Give back exactly the lines from the one holding "そこで、モダン的ワークショッ" to the bottom of the material, both included, and nothing more. No pictures.

→ PROVIDED DATA:
+++

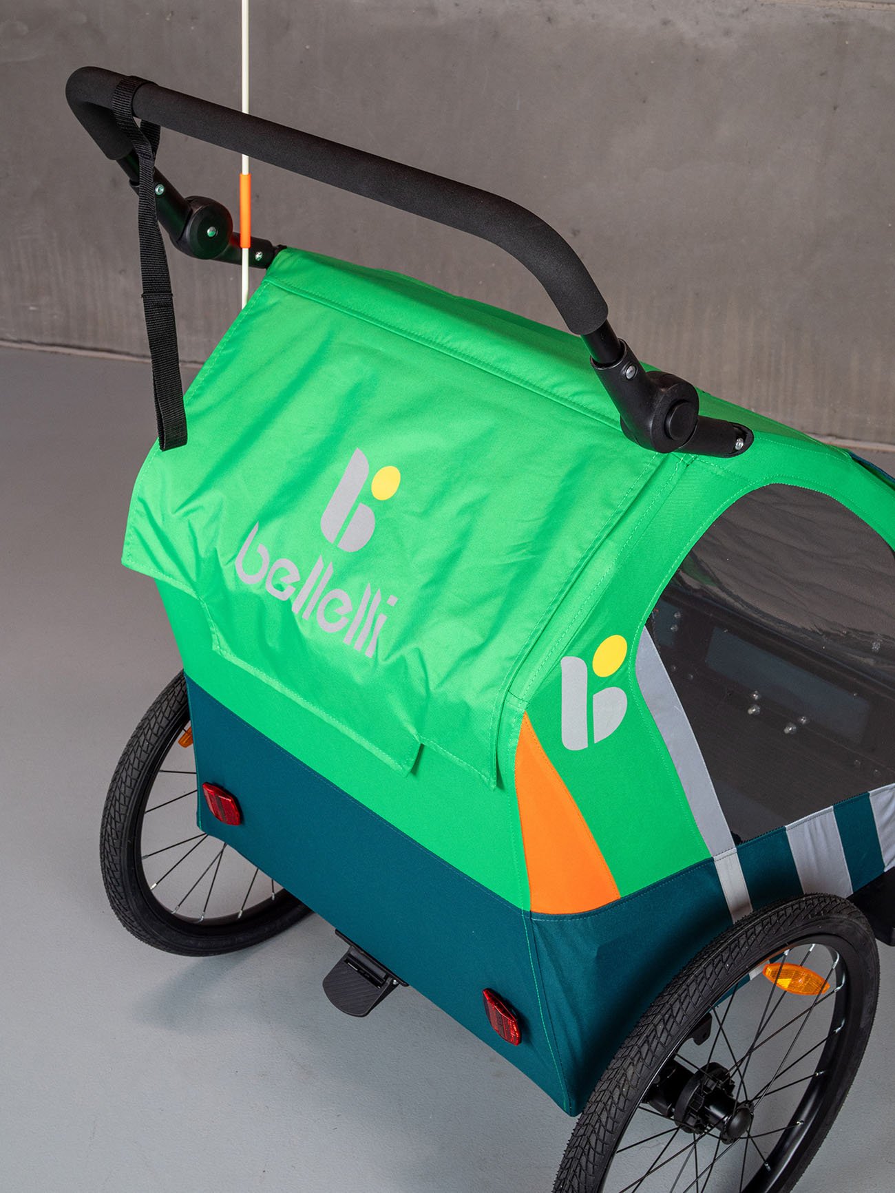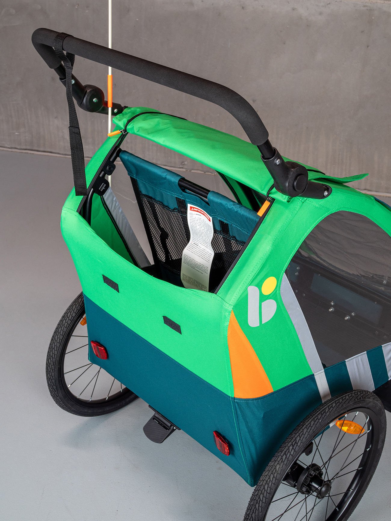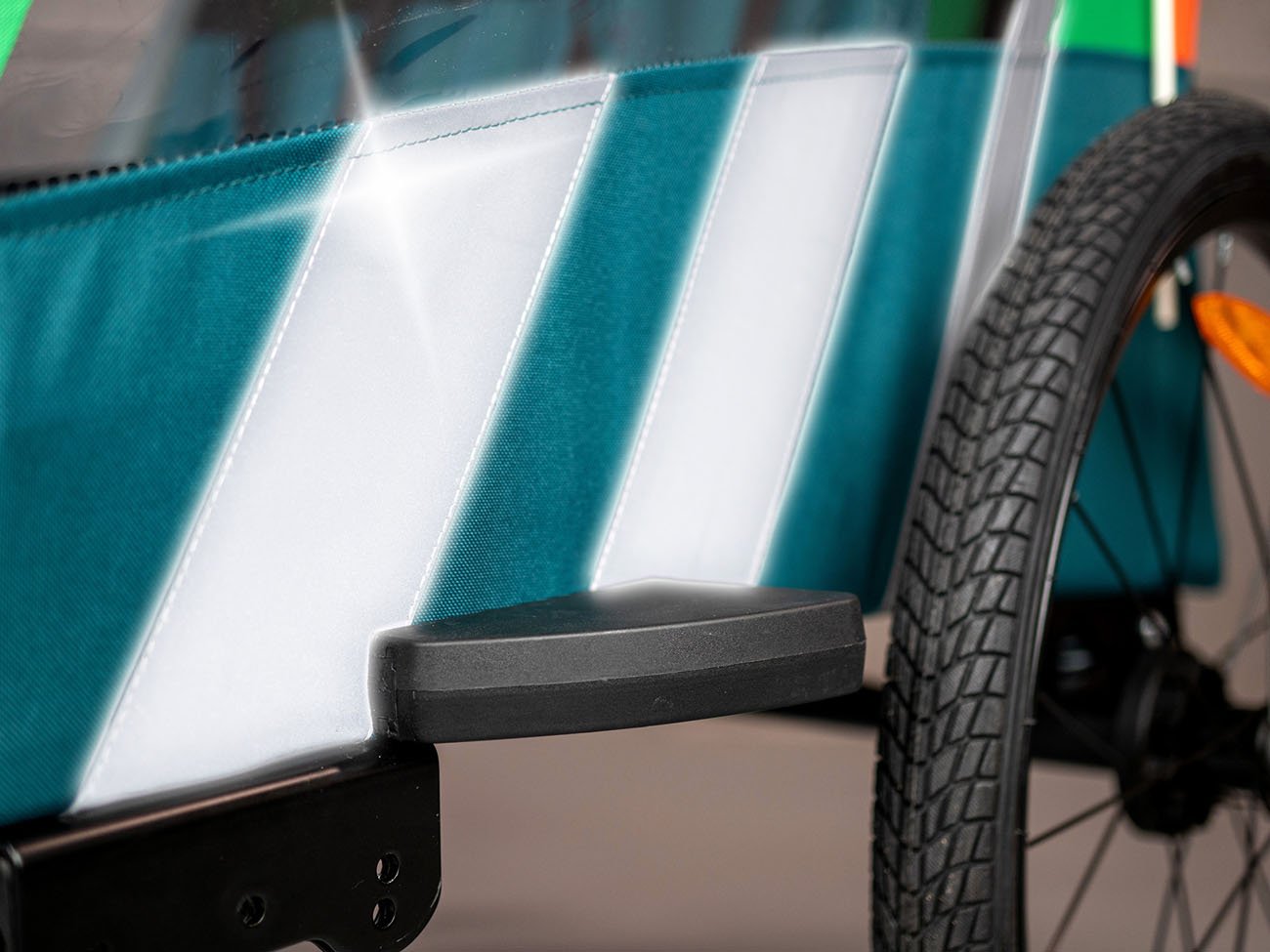 reflexné prvky okolo vozíka, farebná výstražná vlajka - na 150 cm dlhej tyči, odrazové sklá v prednej a zadnej časti vozíka
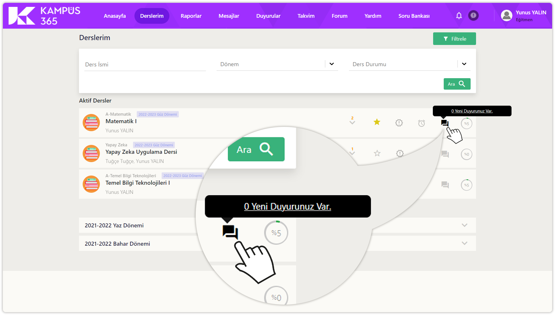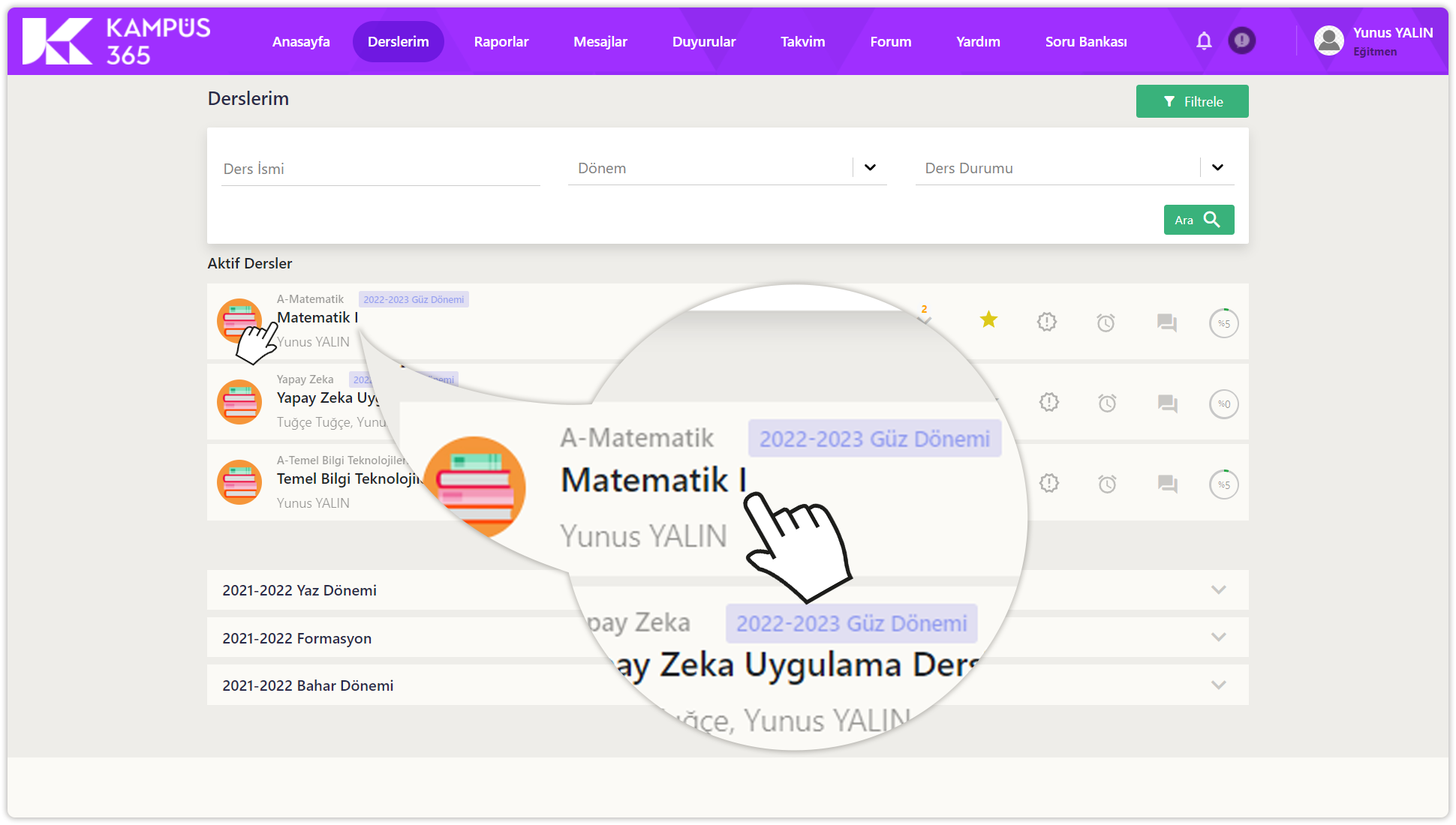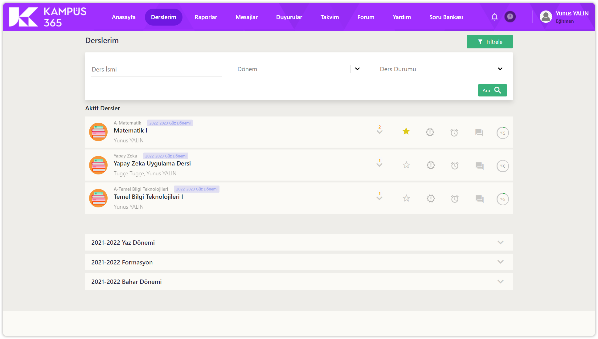 Diğer dönemler, derslerim sayfasının en altında listelenir. Dönem adlarına tıklayarak eski dönem derslerini görüntüleyebilirsiniz.
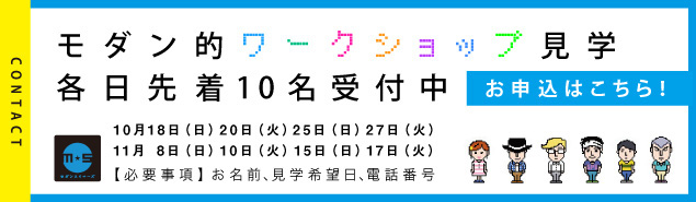 そこで、モダン的ワークショップの見学枠を各日先着10名まで設ける事となりました。是非ご参加ください。
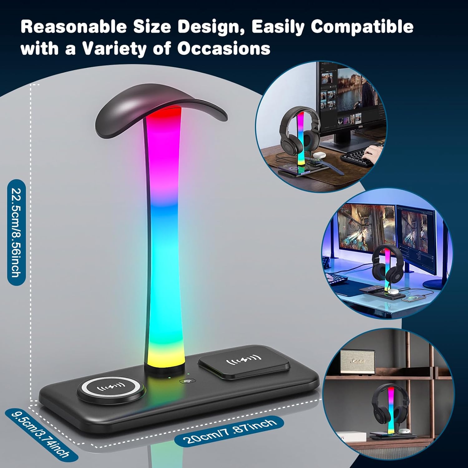 BAISHUN 4-in-1 RGB Headphone Stand with Wireless Charging can hold 1 headphone and charge 3 devices at the same time, and will keep your desk clean and tidy!

+++

→ COMPLETED EXERCISE:
 そこで、モダン的ワークショップの見学枠を各日先着10名まで設ける事となりました。是非ご参加ください。
 BAISHUN 4-in-1 RGB Headphone Stand with Wireless Charging can hold 1 headphone and charge 3 devices at the same time, and will keep your desk clean and tidy!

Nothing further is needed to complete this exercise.